Не знаю, какие уж органы портились от игры в бетонном умывальнике, разве что уши самого игравшего, но вскоре кому-то пришла идея спрятать орловский баян. Массам идея понравилась. Орлова в спальне не было, ходил в город. Баян вытащили из-под Жениной кровати, как выволакивают нарушителей общественного спокойствия, и привязали его к крышке огромного, круглого «семейного» стола, стоявшего в центре спальни. Привязали, разумеется, с обратной стороны. Даже не будь на столе зеленой, захватанной скатерти с замусоленными махрами, не заглянув под него, баян увидеть невозможно.

После ужина Женя полез под кровать за своей музыкой. Музыки под кроватью не было. Заглянул под другие кровати — тоже нет. Порылся в шкафах — не нашел. Тогда встал посредине спальни, возле стола, и спросил, ни на кого в отдельности не глядя:

— Где мой баян?

Спальня занималась своими делами.

Женя сразу успокоился и, не раздеваясь, лег в постель. Впервые за долгое время мы чистили зубы а капелла.
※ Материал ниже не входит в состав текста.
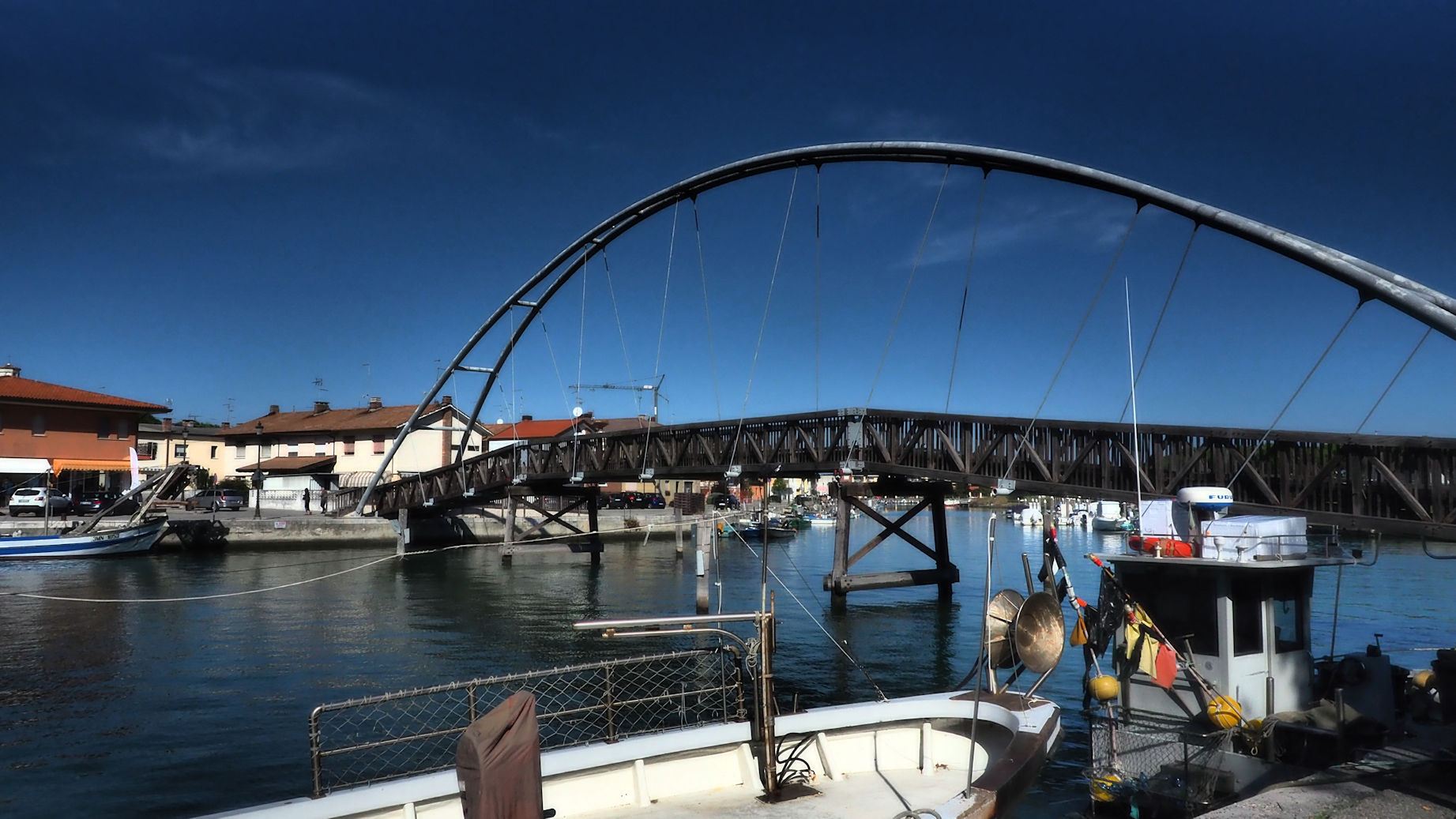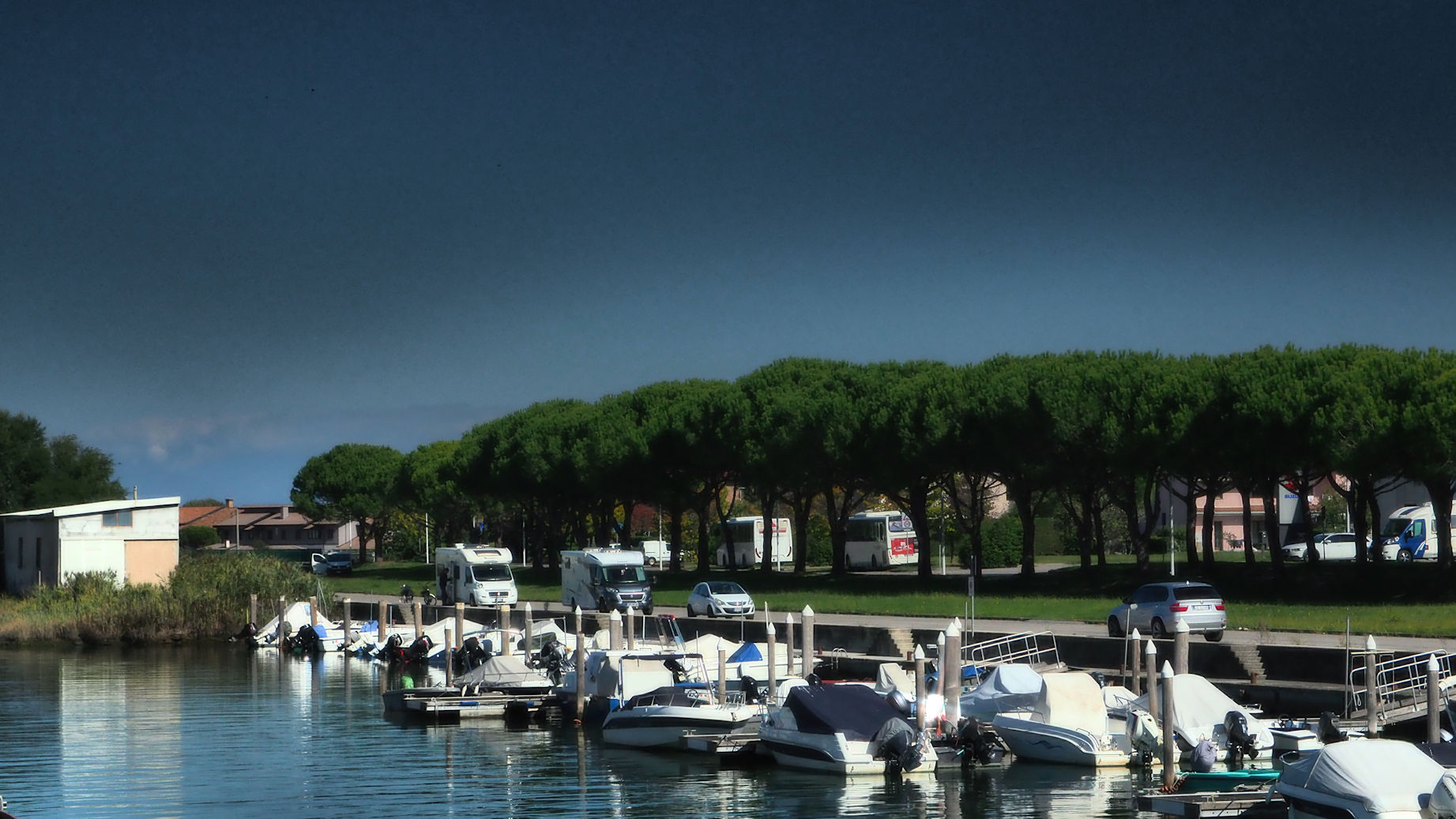 So landen wir gegen Mittag in Marano Lagunare, einem kleinen Lagunenstädtchen mit einer Piazza, die von einem stattlichen Turm beherrscht wird. Unser Womoparkplatz am Wasser ist toll und unsere Idee ist es, hier noch einmal leckeren Fisch zu essen.

Наутро первым уроком была физика. Вела ее наша классная руководительница Зинаида Абрамовна, рослая, с правильными чертами, но несколько анемичная молодая женщина.

— Здравствуйте, — как обычно поздоровалась с нами.

— Здравствуйте, — как обычно нестройно ответили мы.

— Садитесь.

Собственно говоря, особого приглашения мы и не ждали. Не сел один Орлов.

— Что у тебя, Евгений?

— Вопрос у меня, Зинаида Абрамовна.

— Какой? Что-нибудь неясно?

— У меня украли баян.

Не скажи он «украли», все наверняка обошлось бы, и он благополучно закончил бы свое музыкальное образование, и в мире одним баянистом стало бы больше.

Но он сказал «украли».

— Как украли? — растерялась Зинаида.

— Сначала ручками, а потом ножками, — пояснил в тишине Кузнецов.

Тишина нехорошая.

— Может, ты забыл его в музыкальной школе?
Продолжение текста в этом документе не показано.